The Quadro RTX 4000, announced in November of last year, is part of NVIDIA’s professional GPU family. The RTX 4000 is specifically designed for the CAD software professional, providing intense realism and immersive interaction with their designs. Consequently, this allows them to run advanced simulations and analyses on their local workstation.
Not unlike other NVIDIA GPU’s, the RTX 4000 utilizes NVIDIA Quadro Scalable Visual Solutions (SVS). As a result, each individual RTX 4000 card can support up to four 5K monitors at 60Hz, or dual 8K displays. When utilizing two Quadro Sync II boards, one system can support up to eight RTX 4000 GPU’s, synchronizing 32 separate displays. NVIDIA also claims a 40% improvement in bandwidth than the previous generation Quadro P4000, thanks in part to 8GB of GDDR6 graphics memory.
The RTX 4000 sports a 4.4” H x 9.5” L single slot form factor, allowing the GPU to fit a variety of workstation chassis. In this slim form factor NVIDIA was able to fit 2304 CUDA cores, 288 Tensor Cores, 36 RT cores and 8GB GDDR6 memory. This hardware is designed for intense AEC, DCC, AI, VR and graphics workloads. The RTX 4000 comes with VirtualLink to simplify the connectivity to next-generation, high-resolution VR head-mounted displays.

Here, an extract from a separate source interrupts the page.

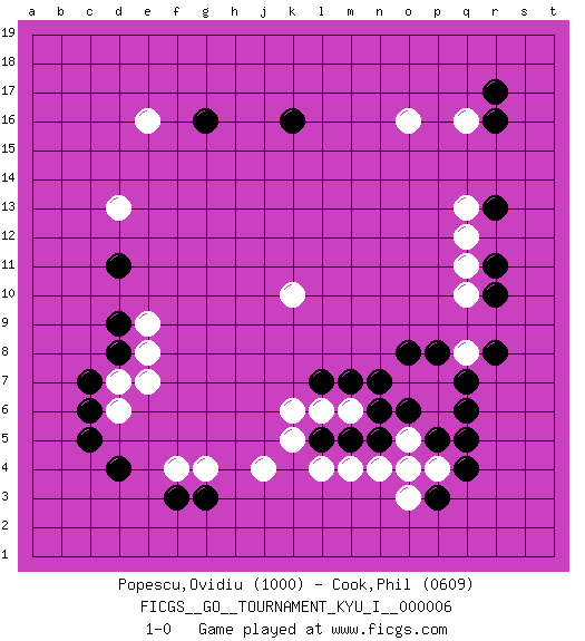 Last move : 1-0 2008 July 23 3:57:46 [Event "FICGS__GO__TOURNAMENT_KYU_I__000006 "] [Site "FICGS"] [Date "2008.04.24"] [Round "1"] [Black "Popescu,Ovidiu "] [White "Cook,Phil "] [Result "1-0"] [Rating 1 "1000"] [Rating 2 "0609"] 1.r16 e16 2.q4 g4 3.d4 d6 4.c5 o16 5.f3 f4 6.g3 j4 7.d8 e7 8.d11 d13 9.c6 d7 10.c7 o4 11.q6 q8 12.p3 o3 13.r13 q12 14.r10 q10 15.r8 q13 16.r11 q11 17.o6 p7 18.q7 p6 19.p5 o5 20.n6 m6 21.n5 p4 22.q5 m4 23.m5 l4 24.m7 l6 25.p8 o7 26.o8 k10 27.k16 q16 28.r17 e8 29.d9 e9 30.l5 k5 31.l7 k6 32.g16 n4 33.n7 1-0 This go game has been lost on time (started : 2008.04.24 19:48:31) Here are the names of the openings (joseki) played in the four corners : Corner d4 : g4 d4This joseki is unknown. A weak or weird move has probably been played in this corner. Corner q16 : r16 o16Komoku (Somok, Xiao~mu`) 3-4 Point. The komoku (3-4) point is the traditional corner enclosure move..Nikken Takagakari (Dukan Nop'dakeolch'im, E`r Gaojia, 2-Space High Approch). The great master Honinbo Shuei (1852-1906) favored the two-space high (niken taka-gakari) approach, especially in two stone handicap games. This approach move was very popular in the 1910s. Wu Qingyuan = Go Seigen frequently played this way, considering it a good "whole board" approach. In recent years, O Rissei has often used the two-space high approach. Corner d16 : e16 d11Takamoku (Gomok, Gaomu`) 5-4 Point. The takamoku (high) point (5-4). With its emphasis on influence, the 5-4 point complements the 4-4 (hoshi) point in creating an influence-oriented fuseki. Corner q4 : q4 o4Hoshi (Hwajeom, Seongjeom, Xingwei`) 4-4 Point. The star or hoshi (4-4) point, emphasizing influence at the potential expense of territory.Ikken Takagakari (Hankan Nop'dakeolch'im, Yi Gaojia, 1-Space High Approach). Black typically responds at 6-4 or 3-10. Black 4-10 is played when Black finds play on the right side advantageous. Black 4-8 or 3-8 may be played when Black has support at top. Player Black won this Go (weiqi, baduk) game.Follow this game move after move (download ) Grab the border points between two moyos. (Anonymous) The large trees attract high winds. (Chinese proverb)
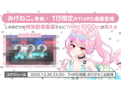 本配信では感情豊かなリアクションと視聴者との濃密な絆を持つ みけねこさんに「THIRD」を通じた配信者と視聴者が共に創り上げる体験をしていただきます。

Quadro RTX 4000 Specifications
Architecture | NVIDIA Turing |
GPU Memory | 8GB GDDR6 |
Memory Interface | 256-bit |
Memory Bandwidth | Up to 416GB/s |
NVIDIA CUDA Cores | 2,304 |
NVIDIA Tensor Cores | 288 |
NVIDIA RT Cores | 36 |
Single-Precision Performance | 7.1 TFLOPS |
Tensor Performance | 57.0 TFLOPS |
System Interface | PCI Express 3.0 x 16 |
Power Consumption | Total board power: 160W Total graphics power: 125W Thermal Solution Active |
Form Factor | 4.4” H x 9.5” L, Single Slot |
Max Simultaneous Displays | 4x 3840×2160 @ 120 Hz 4x 5120×2880 @ 60 Hz 2x 7680×4320 @ 60 Hz |
VR Ready | Yes |
Graphics APIs | Shader Model 5.1 OpenGL 4.5 DirectX 12.0 Vulkan 1.0 |
Compute APIs | CUDA DirectCompute OpenCL |
Performance
In order to test the performance of the new architecture in the NVIDIA Quadro RTX 4000 GPU, we installed it in our Lenovo ThinkSystem P920 workstation running Windows 10. For a comprehensive look at how each card performs, we leveraged multiple industry benchmarks and GPU-accelerated software that can take full advantage of the card under test. Not only will we be comparing it to the NVIDIA Quadro RTX 5000, which shares the Turning architecture, we will also be comparing it the previous Pascal Quadro line including the P6000, the P5000, and the P4000. This is less of, which is better, and more of what to expect with the GPU chosen.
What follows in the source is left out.